I'll content myself with mentioning that ENBD has /always/ throughout
its five years of life had automatic failover between channels. Mind
you, I don't think anybody makes use of the multichannel architecture in
practice for the purposes of redundancy (i.e. people using multiple
channels don't pass them through different interfaces or routes, which
is the idea!), they may do it for speed/bandwidth.
But then surely they might as well use channel bonding in the network layer?
I've never tried it, or possibly never figured out how ..

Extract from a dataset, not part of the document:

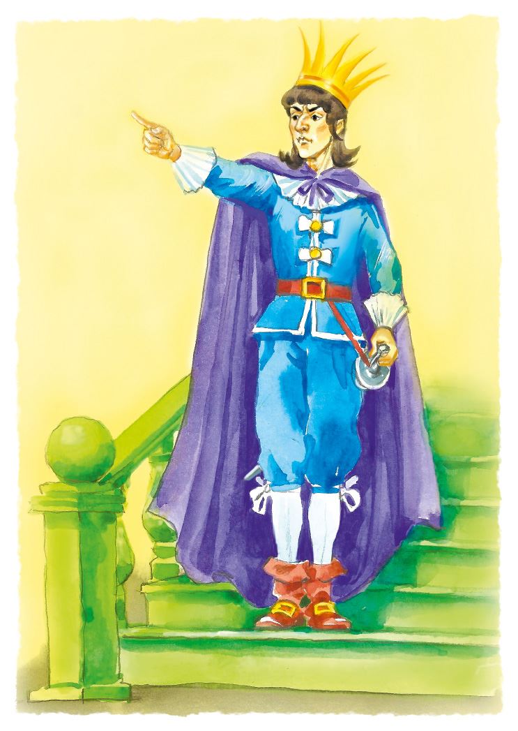 К сожалению, не все местные жители были настроены так дружелюбно. На ступеньках крыльца появился высокий худощавый человек в роскошном одеянии. На голове его красовалась золотая корона с бронзовым ободком по краю. Тотчас же из парадных ворот высыпала свита. Окинув площадь орлиным взором, человек в короне громко воскликнул:

> the reason why goes back to how SCSI works. take a ethereal trace of iSCSI
> and you'll see the way that 2 round-trips are used before any typical i/o
> operation (read or write op) occurs.
Hmm.
I have some people telling me that I should pile up network packets
in order to avoid too many interrupts firing on Ge cards, and other
people telling me to send partial packets as soon as possible in order
to avoid buffer buildup. My head spins.
> multiple TCP streams for a given iSCSI session could potentially be used to
> achieve greater performance when the maximum-window-size of a single TCP
> stream is being hit.
> but its quite rare for this to happen.
My considered opinion is that there are way too many variables here for
anyone to make sense of them.
> in reality, if you had multiple TCP streams, its more likely you're doing
> it for high-availability reasons (i.e. multipathing).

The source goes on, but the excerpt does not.